Premiership glory is Care's light at the end of the tunnel
England scrum half Danny Care will step out of the dark and into the light should Harlequins win the Premiership title on Saturday.
The 25-year-old is expected to start tomorrow’s clash with Leicester Tigers at Twickenham after a torrid past 12 months saw him miss the 2011 World Cup with a toe injury, sparking a well-documented fall from grace.
Care was fined for drunken and disorderly behaviour outside Weybridge’s Noir Bar in December, before picking up a 16-month driving ban for drink-driving in the early hours of New Year’s Day and being arrested again for drunken disorder in Leeds in March.
His off-field problems saw him thrown out of England head coach Stuart Lancaster’s elite player squad and facing up to life on the international scrapheap.
But a return to form – and a squeaky clean lifestyle – has helped Quins finish top of the Premiership table and secure Care a place on the plane for England’s summer tour to South Africa.
And the Yorkshireman has admitted lifting the Premiership crown would complete his rehabilitation.
“I probably lost sight of what it is to be a professional rugby player,” he said.
“I’m very fortunate to be in this position and I took my eye off the ball.
“The injury before the World Cup hit me harder than I anticipated. The hurt of not going was hard to take and a few things in my personal life took over.
“I’ve knuckled down over the past few months and I’m loving playing again. There was a time when I wasn’t really enjoying it.
“Missing the Six Nations was heart-breaking, but it was my own doing.
“I’ve learned a lot of hard lessons and to be thrown out of an England squad is one of the worst things that can happen to a rugby player “I chose to let my rugby do the talking and I probably owe a lot of people a big performance on Saturday.

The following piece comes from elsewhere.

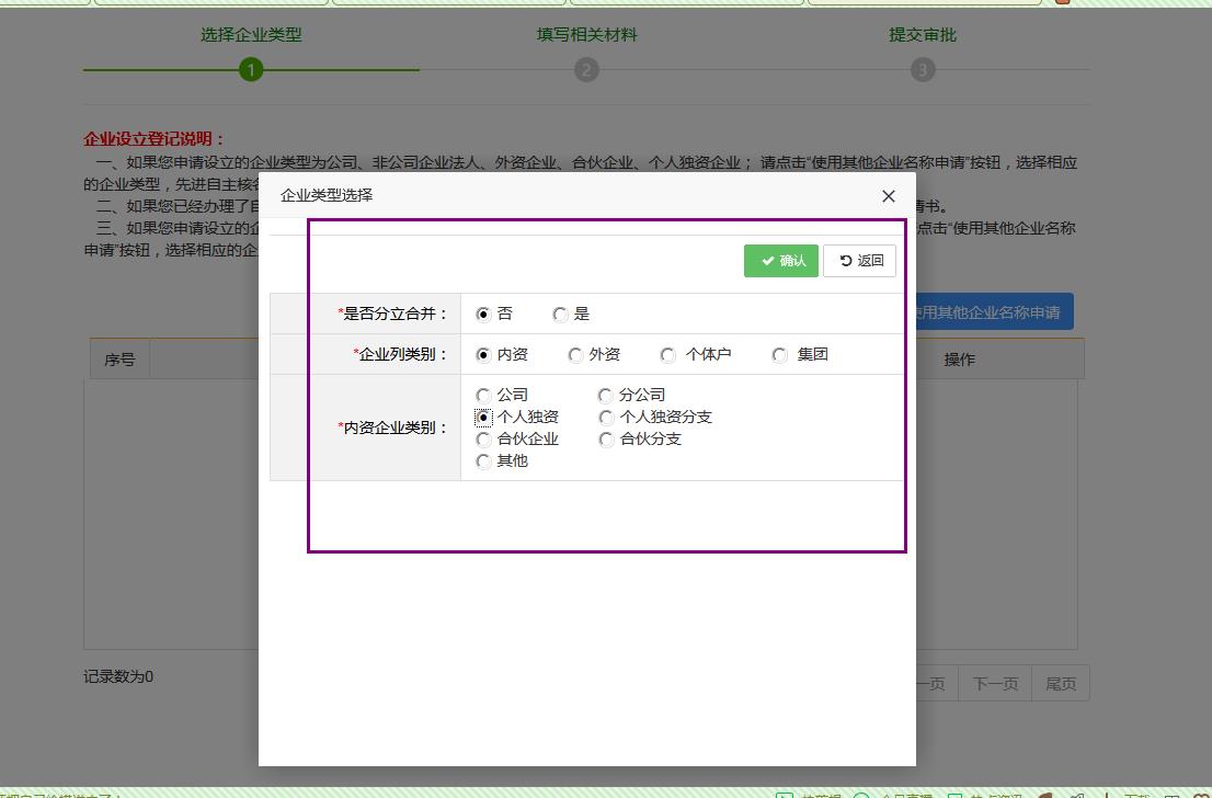 選擇之后會彈出一個“企業(yè)類型選擇”的彈窗;選擇好自己企業(yè)的類別,然后點擊確認(rèn):如下圖:

“It took me until the third incident to realise I’m a professional rugby player and probably a role model to a few people.
“The boys have been brilliant. I have had the best support you could ask for. Chris [Robshaw] has put an arm round me, Conor [O’Shea] has too.
“They’ve had a quiet word, as have my mum and dad. A mum’s telling off is the worst you can get.
“I had to sort my life out. I took a long hard look in the mirror and I’ve done that.
“It has been a tough few months, but there is a light at the end of the tunnel and, hopefully, winning the Premiership title will be that light.”
Quins go into tomorrow’s clash as the underdogs with eight-time finalists Leicester Tigers going into the game on the back of an 11-match winning steak – including a 43-33 triumph over director of rugby Conor O’Shea’s men.
But the Stoop’s star number nine insisted the side’s narrow 25-23 semi-final triumph over Northampton Saints means Quins cannot be written off.
“When we topped the table at game three, people said we’d struggle when players came back from the World Cup and we have used that as motivation,” he added.
“After the Leicester defeat, we have shown we can come back from something like that against Saints and it has given us that belief again.
“We’re just excited about the final now. It is fresh and raw for us because we’ve never been there before. It is a step up from everything we have played as a club before.
“It would be a dream come true to be the best team in the Premiership. Anything less than that is not good enough.
“This season will have been a waste if we don’t win now.
“The players have worked so hard, the management have worked so hard.
“The club have had some ups and downs in the past few years and a win would be reward for all the supporters who have stuck by us.”